Our client is an international producer of meat, meat products and vegetable alternatives with production sites in the Netherlands, Germany and Belgium. With innovations in the supply chain where they are working with partners to create a chain that is smart with data and driven by the health and growth of the individual animal.
inline determination of chemical composition of ham
Description case

One possibility is the implementation of a payout system that steers by fat quality with a preference for unsaturated fat that causes your body to drain cholesterol better. According to the heart foundation your body needs fat, but too much fat is not good. Saturated fat in particular increases your cholesterol and is therefore less good for your cardiovascular system.

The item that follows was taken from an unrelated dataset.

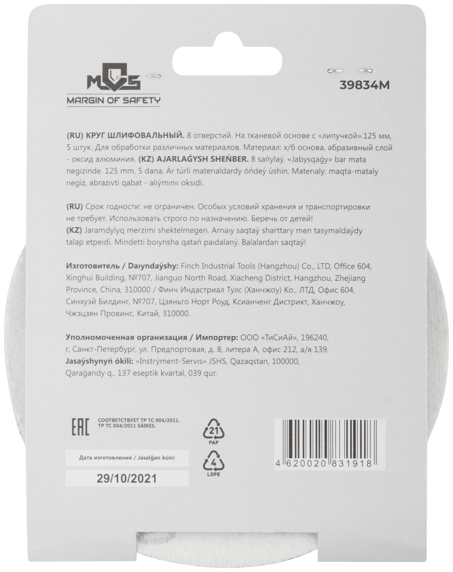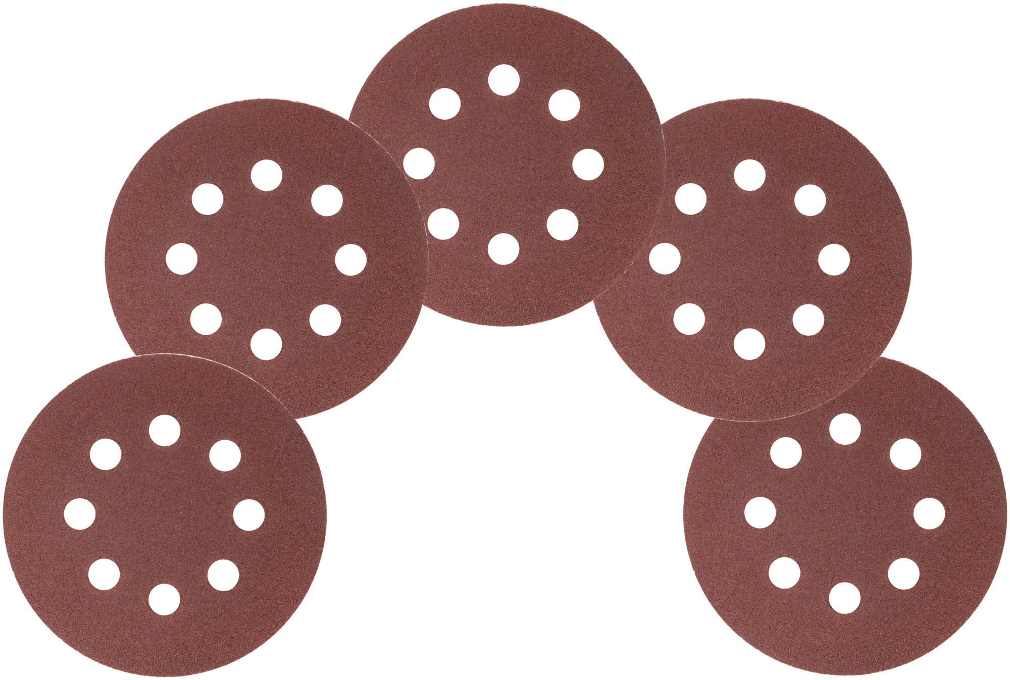 8 отверстий. На тканевой основе с «липучкой». Диаметр 125 мм, набор 5 шт. Для обработки различных материалов. Материал: х/б основа, абразивный слой - оксид алюминия.

Food Technology; In-line NIR inspection system

Vision Partners developed and implemented a real-time inspection system for this customer in the production line that can measure in-line the degree of fat saturation based on Near Infrared spectroscopy (NIR) using the "near infrared" portion of the electromagnetic spectrum, with wavelengths between 800 and 2500 nm. 

NIR region of the electromagnetic spectrum

Infrared spectroscopy is based on the property that molecules have specific frequencies at which they vibrate and do so with discrete energy levels. The different resonant frequencies are molecule-dependent and depend on the molecular structure and atomic masses. Using PLS regression, the degree of saturation of the fat can be determined from the spectral response. 

The image below shows the power of machine vision in the NIR spectral region that allows you to recognize and measure non-visible features of products. 

Several features become visible in the NIR region

Vision Partners installed a hyperspectral Image Acquisition unit at the customer's production line based on the Specim FX17 camera. After triggering the overhead control system, this camera takes images consisting of 224 different frequencies in the spectral region of 900 - 1700 nm.

Specim FX17 camera

With software developed by Vision Partners, the fat portion is first selected from the hyperspectral image. Then, for the selected fat, the degree of saturation is determined and the calculated iodine addition number is returned to the overhead production control system. 

This hyperspectral inspection in the 900-1700 SWIR spectral region allows in-line measurement of the chemical composition of grease, thereby developing a more sustainable food chain.

"System integration and expertise are most important anyway for a company like Vision Partners. Thanks to our network, we got in touch with them, and it works to our complete satisfaction."